### Your objective:
Would you write out the entries below word for word, omitting the pictures?

(Data items)
──────────
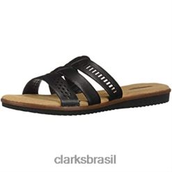 Clarks mulheres sandália clarks feminina kele wil low slide couro preto RJZRN2042 couro preto
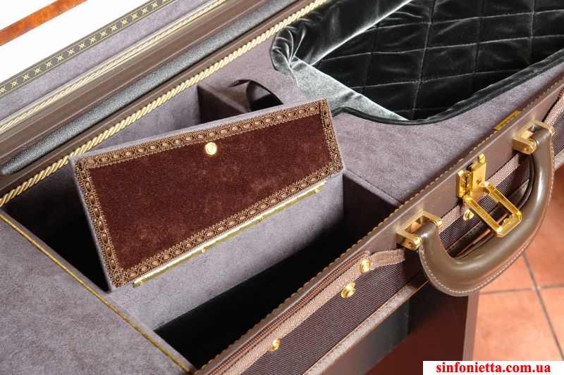 Изготовлен из итальянских материалов высочайшего качества. Модель Aeternum - в дизайне с округлыми краями. Асимметричное крепление инструмента внутри футляра. Скрипка размещается в футляре таким образом, что она находится в центральном отделении с большим открытым пространством с областью вокруг шейки и головы инструмента. Обеспечивается максимальная защита для инструмента. Отделение для аксессуаров в закрытом отсеке. Новый дизайн обеспечивающий максимальную легкость для данного футляра. Исключительно шикарный интерьер с глубокой обивкой полностью выполненной из тончайшего шелка, бархата и замши "Royale". Ручная работа - Мастерская Dimitri Musafia.
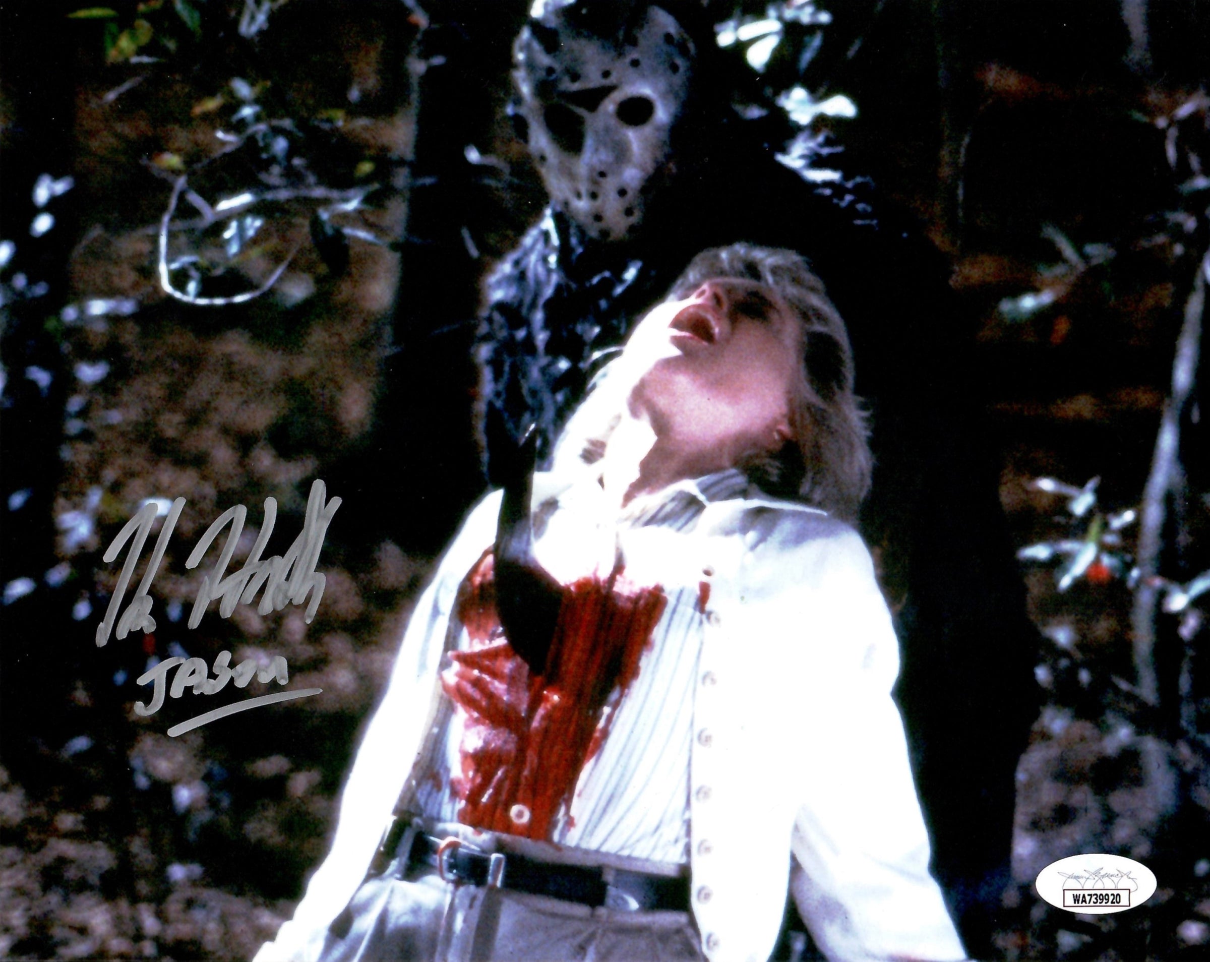 This is an autographed 8x10 photo that has been hand signed by Kane Hodder and inscribed "Jason". The photo comes with a certificate of authenticity from JSA. Perfect for framing. Another great product brought to you by JAG Sports Marketing.
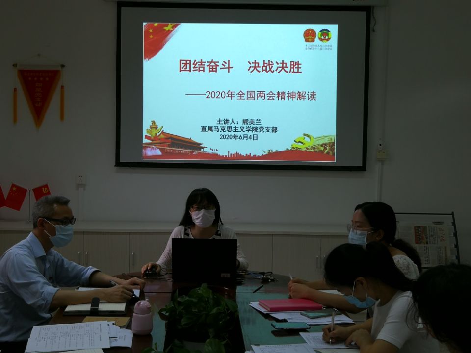 為深入學(xué)習(xí)2020年全國(guó)兩會(huì)精神,促進(jìn)兩會(huì)精神貫徹到實(shí)際工作中,2020年6月4日,直屬馬克思主義學(xué)院黨支部在行政樓107開展了2020年全國(guó)兩會(huì)精神專題學(xué)習(xí)活動(dòng),全體黨員教師參加了活動(dòng)。
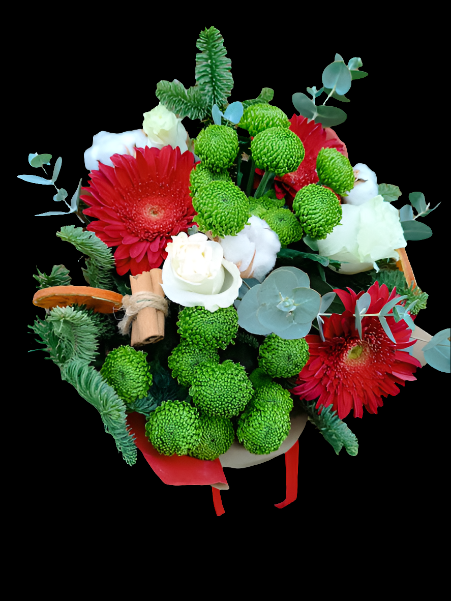 Rojo, verde y blanco, son los colores que definen nuestro ramo de invierno. Naranja, algodón y canela acompañan al resto de flores, impregnando con su aroma invernal cualquier estancia. Para que la flor sea lo más fresca posible deberás encargarlo con dos/tres días de antelación a su entrega.
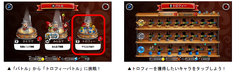 各キャラのトロフィー獲得を目指して、全国のプレイヤーとバトルを行なう「トロフィーバトル」を
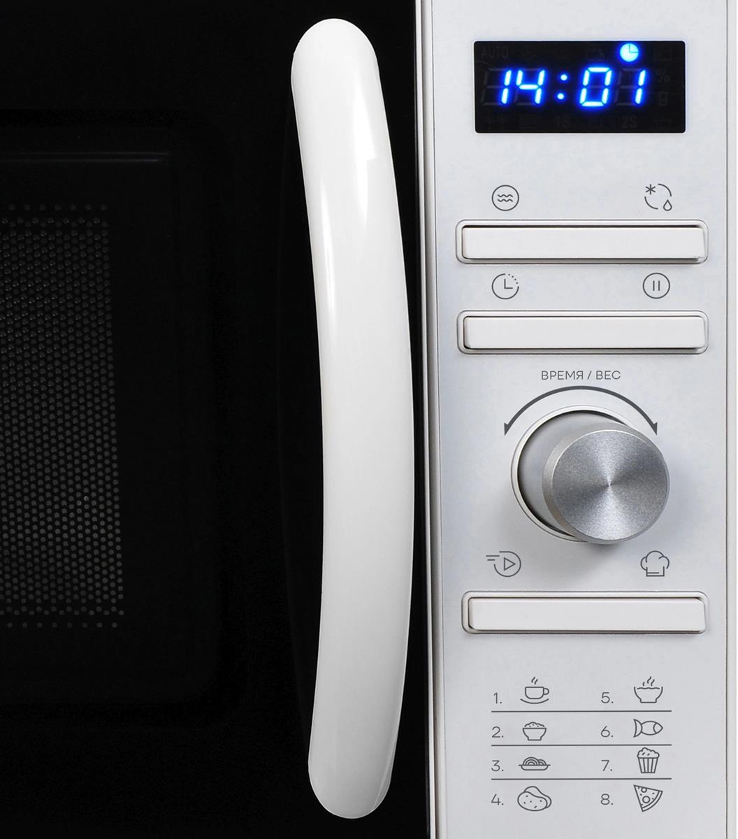 Vitek VT-MW0320 — компактная отдельностоящая микроволновая печь для ежедневной кухни. Камера 20 л рассчитана на тарелки стандартного диаметра и высокие чашки, стеклянный поворотный стол 245 мм равномерно распределяет микроволны в центре и по краям. Выходная мощность 700 Вт обеспечивает динамичный разогрев без сложных настроек, внутренняя подсветка и полноразмерная стеклянная дверца дают хороший обзор процесса. Белый корпус визуально облегчает фасад, а аккуратная панель с LED дисплеем и часами выглядит современно и читабельно.
──────────
### Response for this exercise:
 Clarks mulheres sandália clarks feminina kele wil low slide couro preto RJZRN2042 couro preto
 Изготовлен из итальянских материалов высочайшего качества. Модель Aeternum - в дизайне с округлыми краями. Асимметричное крепление инструмента внутри футляра. Скрипка размещается в футляре таким образом, что она находится в центральном отделении с большим открытым пространством с областью вокруг шейки и головы инструмента. Обеспечивается максимальная защита для инструмента. Отделение для аксессуаров в закрытом отсеке. Новый дизайн обеспечивающий максимальную легкость для данного футляра. Исключительно шикарный интерьер с глубокой обивкой полностью выполненной из тончайшего шелка, бархата и замши "Royale". Ручная работа - Мастерская Dimitri Musafia.
 This is an autographed 8x10 photo that has been hand signed by Kane Hodder and inscribed "Jason". The photo comes with a certificate of authenticity from JSA. Perfect for framing. Another great product brought to you by JAG Sports Marketing.
 為深入學(xué)習(xí)2020年全國(guó)兩會(huì)精神,促進(jìn)兩會(huì)精神貫徹到實(shí)際工作中,2020年6月4日,直屬馬克思主義學(xué)院黨支部在行政樓107開展了2020年全國(guó)兩會(huì)精神專題學(xué)習(xí)活動(dòng),全體黨員教師參加了活動(dòng)。
 Rojo, verde y blanco, son los colores que definen nuestro ramo de invierno. Naranja, algodón y canela acompañan al resto de flores, impregnando con su aroma invernal cualquier estancia. Para que la flor sea lo más fresca posible deberás encargarlo con dos/tres días de antelación a su entrega.
 各キャラのトロフィー獲得を目指して、全国のプレイヤーとバトルを行なう「トロフィーバトル」を
 Vitek VT-MW0320 — компактная отдельностоящая микроволновая печь для ежедневной кухни. Камера 20 л рассчитана на тарелки стандартного диаметра и высокие чашки, стеклянный поворотный стол 245 мм равномерно распределяет микроволны в центре и по краям. Выходная мощность 700 Вт обеспечивает динамичный разогрев без сложных настроек, внутренняя подсветка и полноразмерная стеклянная дверца дают хороший обзор процесса. Белый корпус визуально облегчает фасад, а аккуратная панель с LED дисплеем и часами выглядит современно и читабельно.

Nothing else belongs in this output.